Work to complete. There is one span to output from the data below: the lines starting at the line with "Modelled ash concentration" and ending at the line with "باکس نظم دهنده". Output it exactly, ends included, nothing more.

[Available data Boundary: Start]

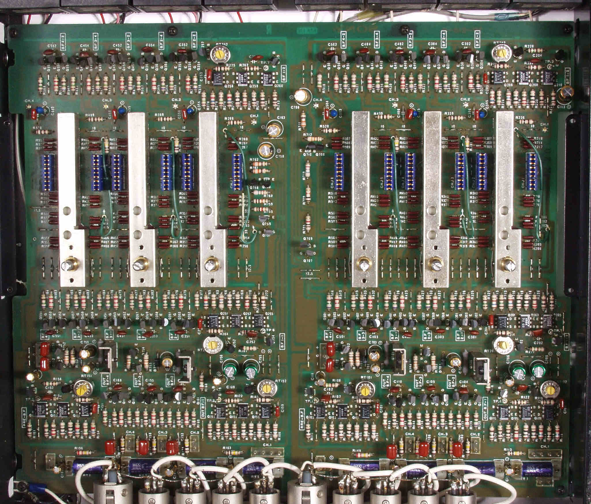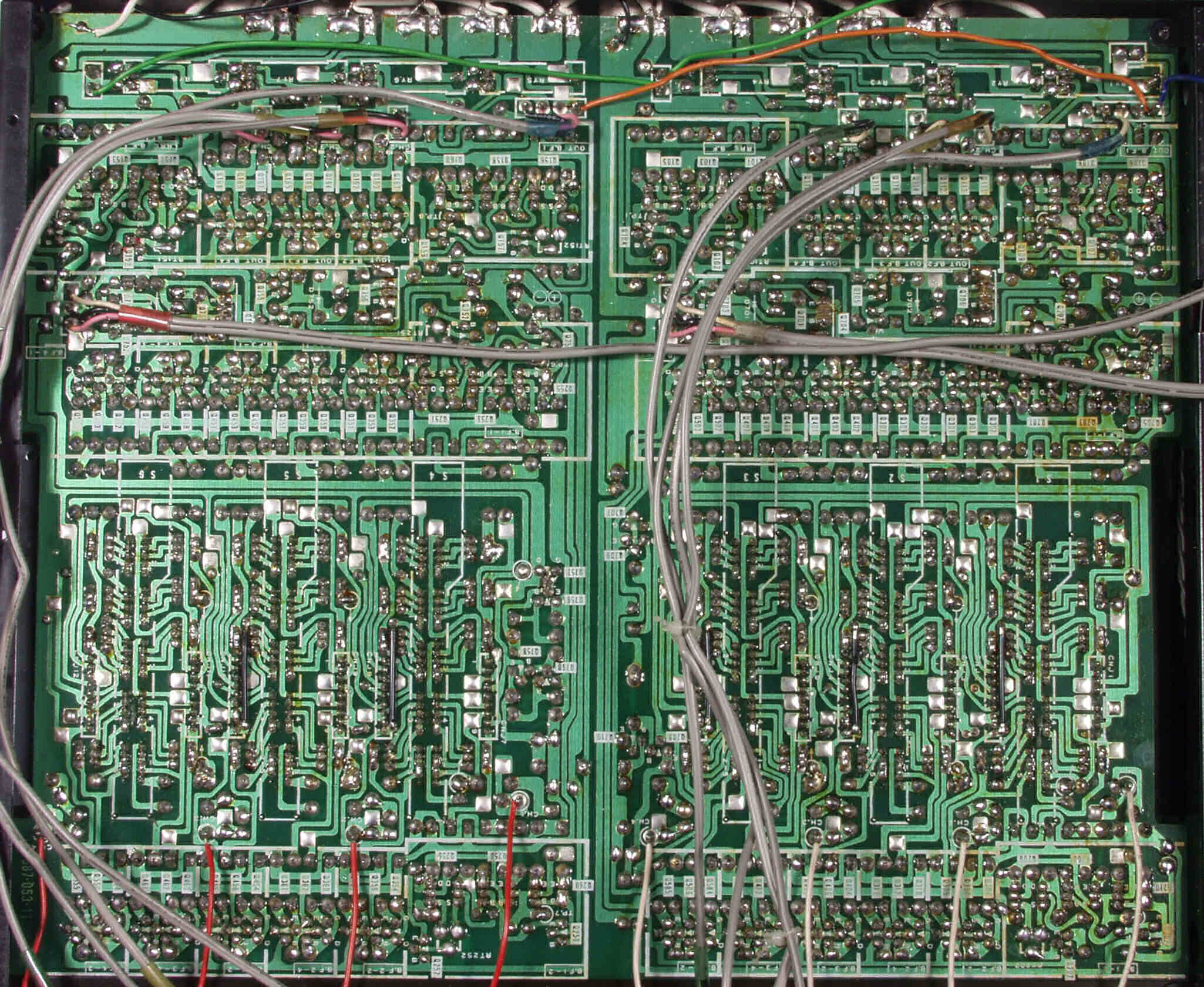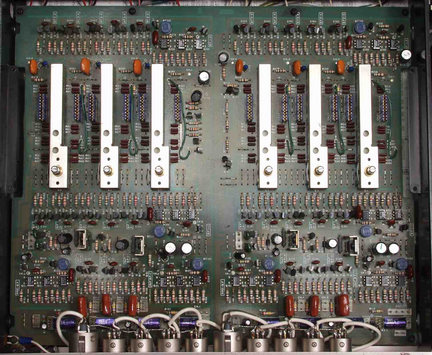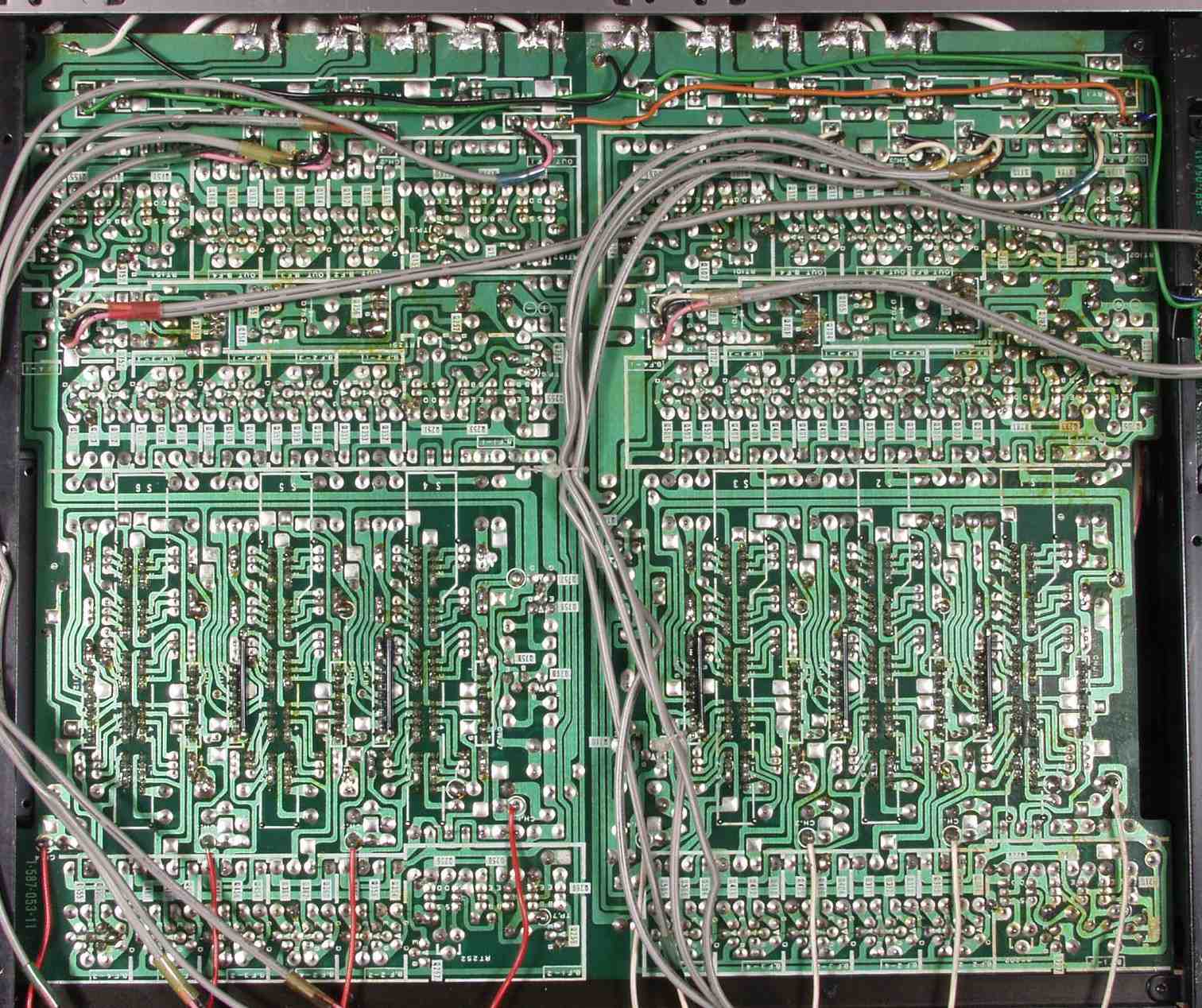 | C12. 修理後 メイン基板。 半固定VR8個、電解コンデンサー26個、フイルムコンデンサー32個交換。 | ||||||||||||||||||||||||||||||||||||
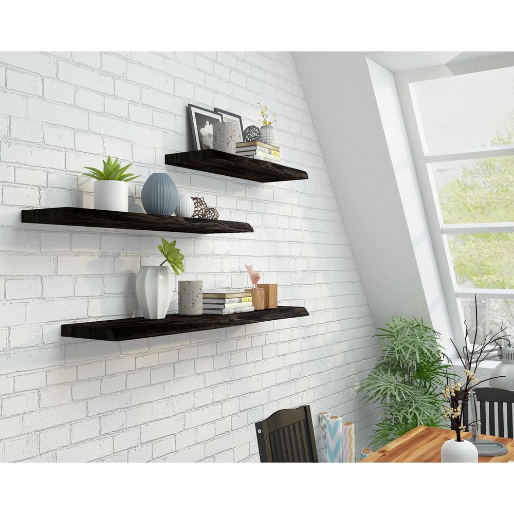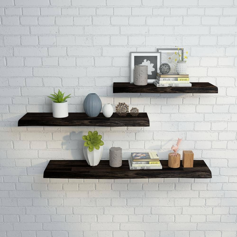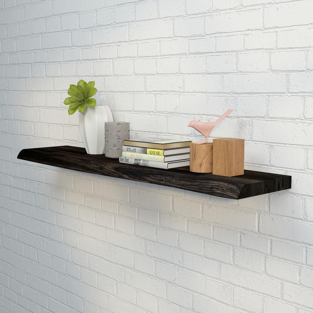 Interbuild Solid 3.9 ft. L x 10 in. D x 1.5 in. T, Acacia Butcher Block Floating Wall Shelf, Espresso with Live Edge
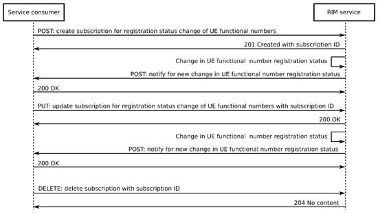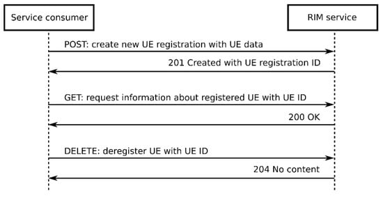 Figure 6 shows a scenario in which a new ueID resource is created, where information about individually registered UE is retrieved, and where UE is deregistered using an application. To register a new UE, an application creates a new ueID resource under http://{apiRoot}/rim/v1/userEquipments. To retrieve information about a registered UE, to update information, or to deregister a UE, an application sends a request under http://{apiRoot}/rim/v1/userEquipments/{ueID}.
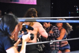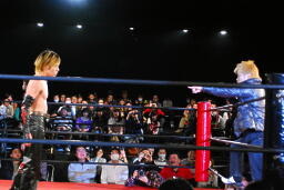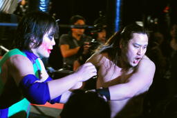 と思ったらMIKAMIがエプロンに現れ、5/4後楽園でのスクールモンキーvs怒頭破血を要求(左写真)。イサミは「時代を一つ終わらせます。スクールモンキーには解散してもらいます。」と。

[Available data Boundary: End]
[Available data Boundary: Start]

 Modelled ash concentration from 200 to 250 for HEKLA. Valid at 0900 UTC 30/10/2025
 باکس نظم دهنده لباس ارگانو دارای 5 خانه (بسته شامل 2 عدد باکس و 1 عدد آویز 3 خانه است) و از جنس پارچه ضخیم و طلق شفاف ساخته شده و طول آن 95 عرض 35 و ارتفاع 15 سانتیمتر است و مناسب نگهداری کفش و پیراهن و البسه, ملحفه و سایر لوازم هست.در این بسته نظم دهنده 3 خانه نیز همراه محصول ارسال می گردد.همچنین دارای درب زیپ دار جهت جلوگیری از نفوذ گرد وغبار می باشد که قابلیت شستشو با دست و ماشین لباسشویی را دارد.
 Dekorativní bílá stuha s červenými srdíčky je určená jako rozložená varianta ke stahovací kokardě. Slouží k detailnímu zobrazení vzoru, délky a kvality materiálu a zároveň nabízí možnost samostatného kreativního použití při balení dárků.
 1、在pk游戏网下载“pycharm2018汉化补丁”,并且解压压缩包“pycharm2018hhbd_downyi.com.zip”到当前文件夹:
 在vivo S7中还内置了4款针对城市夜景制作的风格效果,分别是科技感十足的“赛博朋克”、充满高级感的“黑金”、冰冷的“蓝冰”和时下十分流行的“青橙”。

[Available data Boundary: End]

Written solution.
 Modelled ash concentration from 200 to 250 for HEKLA. Valid at 0900 UTC 30/10/2025
 باکس نظم دهنده لباس ارگانو دارای 5 خانه (بسته شامل 2 عدد باکس و 1 عدد آویز 3 خانه است) و از جنس پارچه ضخیم و طلق شفاف ساخته شده و طول آن 95 عرض 35 و ارتفاع 15 سانتیمتر است و مناسب نگهداری کفش و پیراهن و البسه, ملحفه و سایر لوازم هست.در این بسته نظم دهنده 3 خانه نیز همراه محصول ارسال می گردد.همچنین دارای درب زیپ دار جهت جلوگیری از نفوذ گرد وغبار می باشد که قابلیت شستشو با دست و ماشین لباسشویی را دارد.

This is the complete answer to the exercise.